How Many People Stay in the Same Position?

There are 100 seats on a plane. If each of the 100 passengers randomly take a seat, how many people will have his/her own seat on average?

There is a classic way to solve this problem, which is to decompose a (complicated) random variable into a sum of simple random variables. This is an important trick. See this post for the use of this trick to calculate the covariance of observastions in two categories in a multinomial distribution.

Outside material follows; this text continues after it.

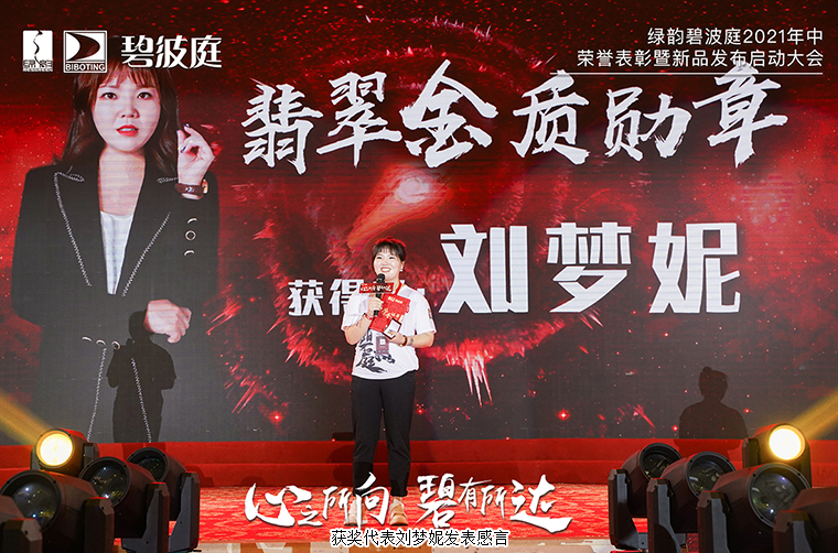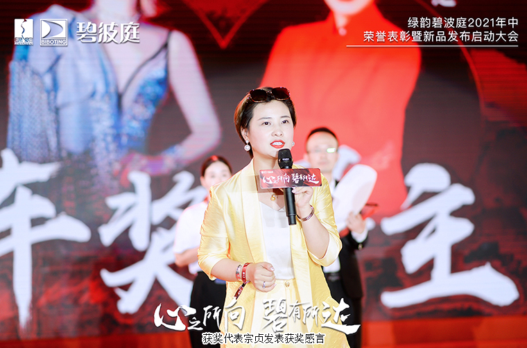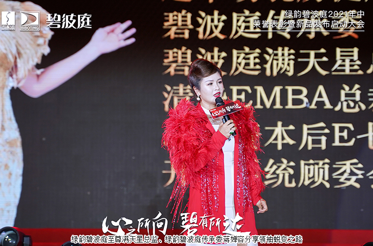 綠之韻集團(tuán)董事、總裁勞嘉為大會(huì)致辭。她首先代表集團(tuán)向奮斗在市場(chǎng)一線的每一位碧波庭家人們致以熱烈的歡迎和誠(chéng)摯的問(wèn)候。今年是偉大的中國(guó)共產(chǎn)黨成立100周年,是碧波庭創(chuàng)立27周年、也是綠之韻和碧波庭牽手11周年,更是集團(tuán)公司“第四個(gè)五年規(guī)劃”即將收官的關(guān)鍵之年。十多年來(lái),綠之韻集團(tuán)始終朝著“建百年企業(yè)、創(chuàng)世界名牌”的企業(yè)初心不懈奮斗。同樣,綠韻碧波庭自創(chuàng)立以來(lái)始終秉承著“用實(shí)干做實(shí)業(yè)”的品牌初心。近年來(lái),微商、社交電商、直播帶貨等對(duì)行業(yè)的沖擊越來(lái)越大,為應(yīng)對(duì)這場(chǎng)變革和沖擊,集團(tuán)公司和碧波庭將從產(chǎn)品研發(fā)、教育培訓(xùn)、品牌推廣等方面給予市場(chǎng)最大的支持和幫扶,為綠韻碧波庭的家人們打造更加穩(wěn)定、優(yōu)質(zhì)的事業(yè)平臺(tái)。未來(lái),她將與各位綠之韻家人們共同開(kāi)啟綠韻碧波庭的事業(yè)藍(lán)圖,共同去實(shí)現(xiàn)每一位綠之韻家人們的夢(mèng)想,共同堅(jiān)守這份初心,堅(jiān)守這份情誼,結(jié)緣碧波庭,圓夢(mèng)綠之韻。最后,她預(yù)祝本次大會(huì)取得圓滿成功。

Let’s generalize this problem to assume that there are $n$ seats and $n$ passengers. Let $Y_i=I(\text{passenger } i \text{ takes its seat})$ , $1\le i \le n$ , where $I$ is an indicator function. $Y_i$ ’s are exchangeable, which means that for a fixed $k$ ( $1\le k\le n$ ), any subset of $\\{Y_i: 1\le i \le n\\}$ with $k$ elements has the same distribution. Specially, it’s easy to see that

Y_i\overset{iid}{\sim}\text{Bernoulli}(\frac{1}{n}),

(1)

Y_iY_j\overset{iid}{\sim}Bernoulli(\frac{1}{n(n-1)}), i\ne j.

(2)

So we have

EY_i=\frac{1}{n},

(3)

EY_iY_j=\frac{1}{n(n-1)}, i\ne j,

(4)

Var(Y_i)=\frac{n-1}{n^2},

(5)

Cov(Y_1,Y_2)=EY_1Y_2-EY_1EY_2=\frac{1}{n^2(n-1)}.

(6)

Let $X_n\equiv\sum_{i=1}^nY_i$ , which is the number of passengers taking their own seats. From above results we know that

E(X_n)=E\left( \sum_{i=1}^nY_i\right)=\sum_{i=1}^n E Y_i=n E Y_1=n\frac{1}{n}=1,

(7)

\begin{align} Var\left( X_n\right) &= Var\left( \sum_{i=1}^nY_i\right) =\sum_{i=1}^n Var(Y_i)+\sum_{i\ne j}Cov(Y_i,Y_j) \nonumber \newline &= nVar(Y_1)+n(n-1)Cov(Y_1,Y_2) \nonumber \newline &= n\frac{n-1}{n^2}+n(n-1)\frac{1}{n^2(n-1)}=1. \nonumber \end{align}

Surprisingly, both the mean and the variance of $X_n$ is 1, which suggests that we can predict $X_n$ , i.e. the number of integers that have the same position as their original position very well.

The above solution is elegant. However, I’d like to try to solve this problem using my preferred universal procedure. Let $Y_i$ and $X_i$ , $1\le i \le n$ , be as defined above. Conditioning $X_n$ on $Y_1$ gives us a recursive/differtial equation. If $Y_1=1$ (with probability $\frac{1}{n}$ ), i.e., the first passenger sits on its seat, then $X_n = 1 + X_{n-1}$ ; It’s a little tricky when $Y_1=0$ (with probability $1-\frac{1}{n}$ ), i.e., the first passenger sits on other people’s seat. Assume the first passenger takes $k^{th}$ ( $2\le k\le n$ ) passenger’s seat. If we pretend that seat 1 is the $k^{th}$ passenger’s seat, then we have $X_n = X_{n-1}$ . However, seat 1 is not $k^{th}$ passenger’s seat, and we cannot count it into $X_{n-1}$ . Let $E_k\equiv I(\text{passenger } k \text{ sits on seat 1})$ . We only miss count $X_{n-1}$ by extra 1 when $E_k=1$ , so when $Y_1=0$ we have $ $X_n = X_{n-1} - E_k.$ $It's easy to see that$ E_k\sim\text{Bernoulli}(\frac{1}{n-1})$. So using the conditional expectation formula, we have

\begin{align} EX_n &= E(E(X_n|Y_1))\nonumber\newline &= E\left(\frac{1}{n}(1 + X_{n-1}) + (1-\frac{1}{n}) (X_{n-1} - E_k)\right)\nonumber\newline &=EX_{n-1}, \end{align}

(8)

where $EX_1=1$ . This is the simplest recursive/differential equation. Anyone can immediately see that $EX_n=1, \forall n\ge1$ is the solution to this recursive/differential equation.